#7 Kittens
Midoriya x Ochako
Nunca pensó que en la primera cita estaría tan nervioso. Apenas podía anudarse la corbata. Sus dedos se sentían torpes y por segundos olvidaba cómo hacerlo. Prefería estar en clases, en sus seguras clases o entrenando que en esa situación. Lo desconocido lo asustaba.
Después de tortuosos minutos, decidió que la corbata en realidad no era necesaria y la tiró sobre su cama. Se tendría que autoconvencer que su playera de All Might sería suficiente.
Cartera, celular.. ya tenía todo. Se vio una última vez en el espejo, esperando no encontrar ni su cabello inmanejable ni sus ojos llenos de pánico.
Claro está, no lo consiguió.
Salió de su habitación y se dirigió hacia la entrada de los dormitorios, encontrando a varios chicos en su camino. Algunos de ellos decían cosas como "¡vamos, tigre!" o "por fin Izuku es todo un hombre". Izuku pensaba que ser hombre era mucho más que salir con una chica pero… hasta el sabía lo patético que sería discutir por eso.
Llegó a la entrada de los dormitorios y vio a Ochako esperándolo. Y no estaba preparado para eso.
-Debí ponerme corbata- pensó con amargura
La chica llevaba un lindo vestido floral y unas zapatillas rosas. Aunque Izuku no quería mirar demasiado, sabía que tenía puesto maquillaje (muy tenue, que de hecho le sentaba de maravilla) y en cuanto lo vio, su rostro se iluminó con una gran sonrisa.
-¿Me estuviste esperando mucho?- Preguntó Deku un poco preocupado. ¿En verdad había pasado tanto tiempo en su habitación, presa del pánico?
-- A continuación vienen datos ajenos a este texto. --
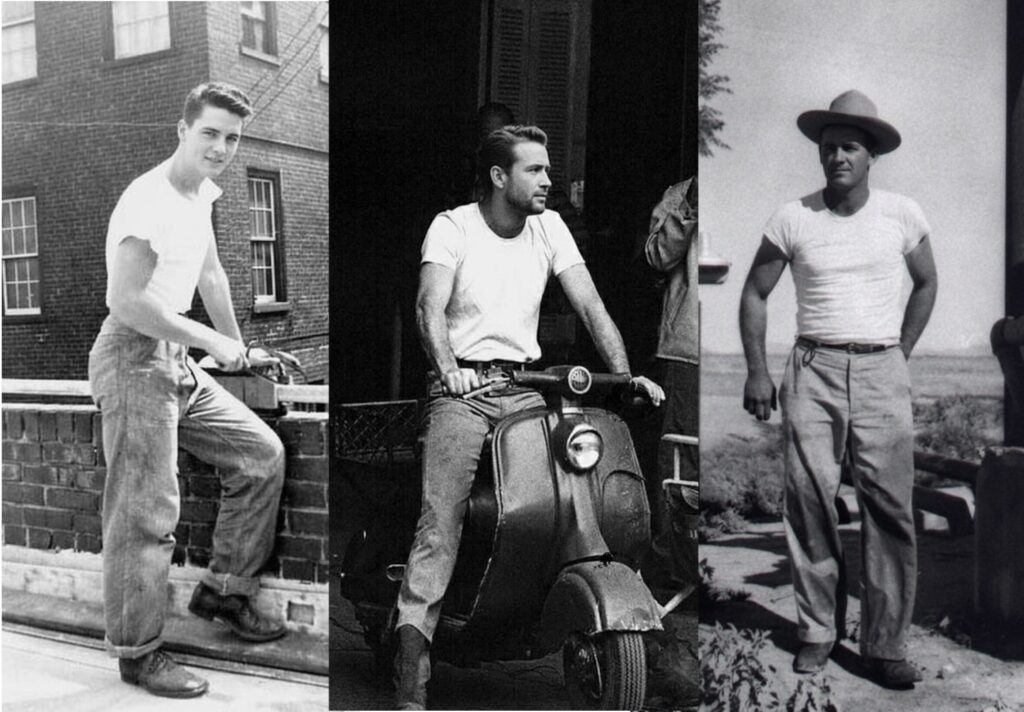 白Tシャツの起源は、20世紀初頭に遡る。元々はアメリカ海軍が下着として採用したものであり、吸汗性と快適性を高めるための実用的なインナーであった。その後、第二次世界大戦を経て、除隊した兵士たちがこれをアウターとして着用し始める。彼らが持ち帰ったこのシンプルなTシャツは、やがてアメリカの若者文化に浸透していく。特に、1950年代にはマーロン・ブランドやジェームズ・ディーンといった映画スターが、反骨精神を象徴するアイテムとしてスクリーンで着用したことで、そのイメージは決定的なものとなった。
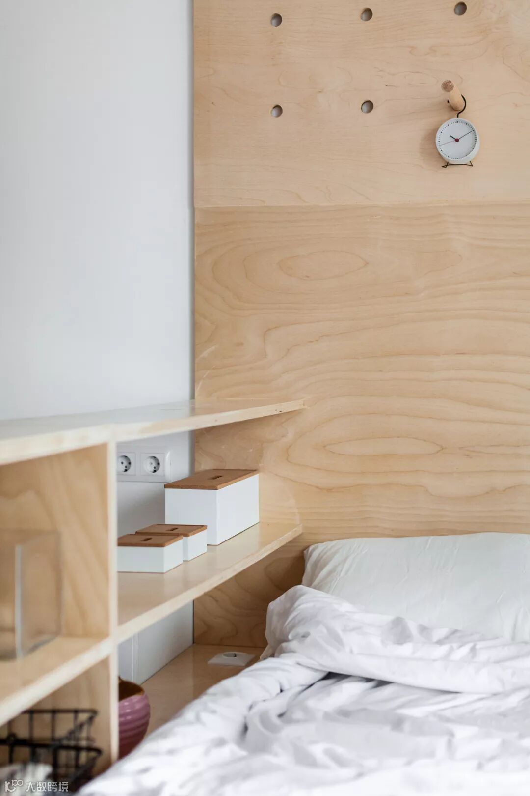 侧面柜格既是隔断也可做床头柜。
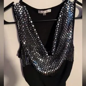 Moa Moa black and silver sleeveless disco blouse size XL preowned
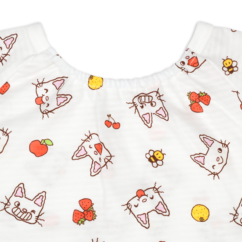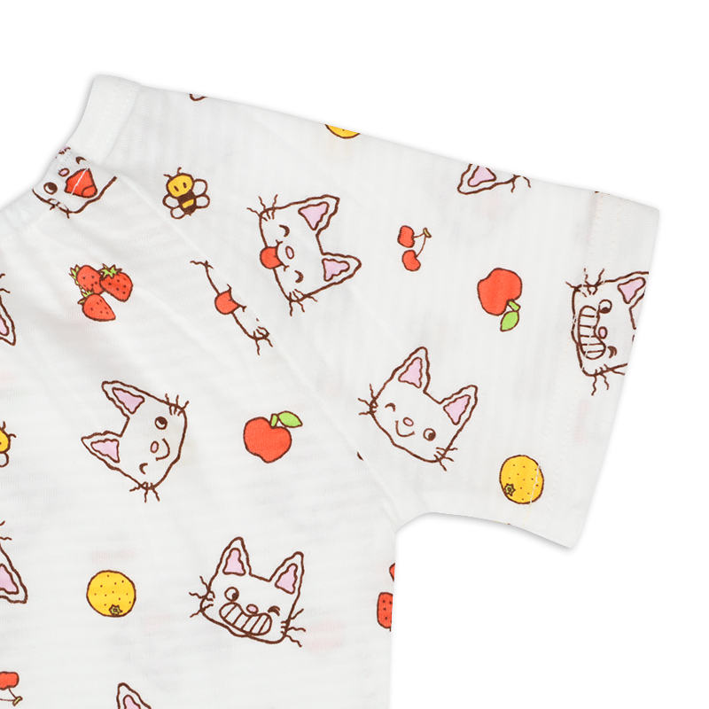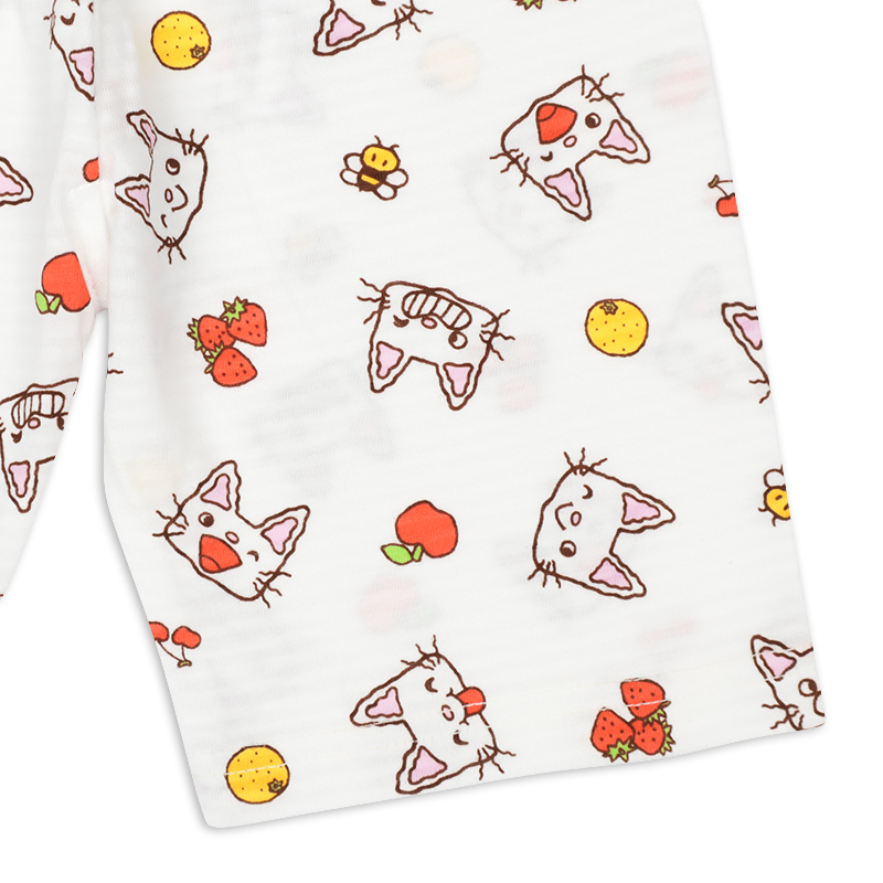 ●素材=[本体]綿100% [腹巻部分]綿93% ナイロン5% ポリウレタン2% ●サイズ(約・cm)= [80](トップス)着丈37 桁丈20.5 身幅33 (ズボン)ズボン丈27 股上17.5 腹巻幅16 ヒップ幅30.5 [90](トップス)着丈40 桁丈22.5 身幅34 (ズボン)ズボン丈31 股上18.5 腹巻幅16 ヒップ幅32 [95](トップス)着丈42 桁丈23.5 身幅35 (ズボン)ズボン丈33.5 股上19.5 腹巻幅16 ヒップ幅32.5 ●洗濯表示=洗濯可 ●原産国=カンボジア製

-No, no, llegué sólo un par de minutos antes que tu-
Izuku se acercó hasta quedar a su lado. -¿Nos vamos?- extendiendo su brazo, con el corazón a mil por hora, esperó a que la chica tomara su mano.
-¡Si!-
Izuku no podía haber pedido un mejor día. A pesar de ser principios de octubre, el clima estaba muy agradable, no había tanta gente en la calle y los dos podían caminar en medio de la ciudad con tranquilidad.
-¿A dónde iremos?-
-Oh, es una sorpresa. Creo que te gustará- comentó Izuku. En realidad lo había pensado toda la semana. Revisó casi todo el internet buscando un buen lugar para la primera cita y hasta había llenado uno de sus cuadernos con anotaciones de los posibles lugares. No podía fallar.
Por fin llegaron a su destino. La cafetería decía "12 cats" en la entrada y un par de gatitos negros que custodiaban la puerta
-¡Un cat café!- gritó la chica de la emoción y se dirigió hasta los gatitos, olvidando por un momento que Izuku estaba con ella.
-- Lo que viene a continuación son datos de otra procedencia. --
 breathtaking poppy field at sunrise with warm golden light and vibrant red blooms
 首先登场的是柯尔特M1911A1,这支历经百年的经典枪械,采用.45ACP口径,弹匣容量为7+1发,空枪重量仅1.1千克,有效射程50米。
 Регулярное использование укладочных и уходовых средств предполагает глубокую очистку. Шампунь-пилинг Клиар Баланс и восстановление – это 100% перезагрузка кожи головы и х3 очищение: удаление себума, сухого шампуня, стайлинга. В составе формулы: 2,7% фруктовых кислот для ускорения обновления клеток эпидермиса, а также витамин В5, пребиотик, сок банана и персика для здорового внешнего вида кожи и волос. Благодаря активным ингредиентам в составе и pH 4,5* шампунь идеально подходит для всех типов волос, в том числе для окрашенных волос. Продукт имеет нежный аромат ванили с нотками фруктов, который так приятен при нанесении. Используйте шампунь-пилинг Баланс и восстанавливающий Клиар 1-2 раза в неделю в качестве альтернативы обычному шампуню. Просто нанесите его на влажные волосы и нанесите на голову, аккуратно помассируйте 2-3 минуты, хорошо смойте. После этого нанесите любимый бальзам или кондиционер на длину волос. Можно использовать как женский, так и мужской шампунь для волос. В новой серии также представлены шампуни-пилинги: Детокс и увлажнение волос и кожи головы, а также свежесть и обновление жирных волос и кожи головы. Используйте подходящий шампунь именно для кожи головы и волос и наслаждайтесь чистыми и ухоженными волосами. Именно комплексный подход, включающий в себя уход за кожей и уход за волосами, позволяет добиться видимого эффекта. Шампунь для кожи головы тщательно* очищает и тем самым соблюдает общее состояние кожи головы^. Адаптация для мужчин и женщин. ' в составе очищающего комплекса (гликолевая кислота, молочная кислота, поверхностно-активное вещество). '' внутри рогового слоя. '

Izuku suponía que esa emoción estaba dentro de los cálculos.
Izuku aprendió varias cosas de Ochako ese día.
La primera: amaba a los gatos.
La segunda: que era alérgica a su pelo.
De regreso del hospital, Ochako se disculpó mil veces con él. Sin embargo, no dejó de tomarlo de la mano. E Izuku pensó que iban por buen camino. Y podrían repetir la primera cita. O eso había prometido Ochako.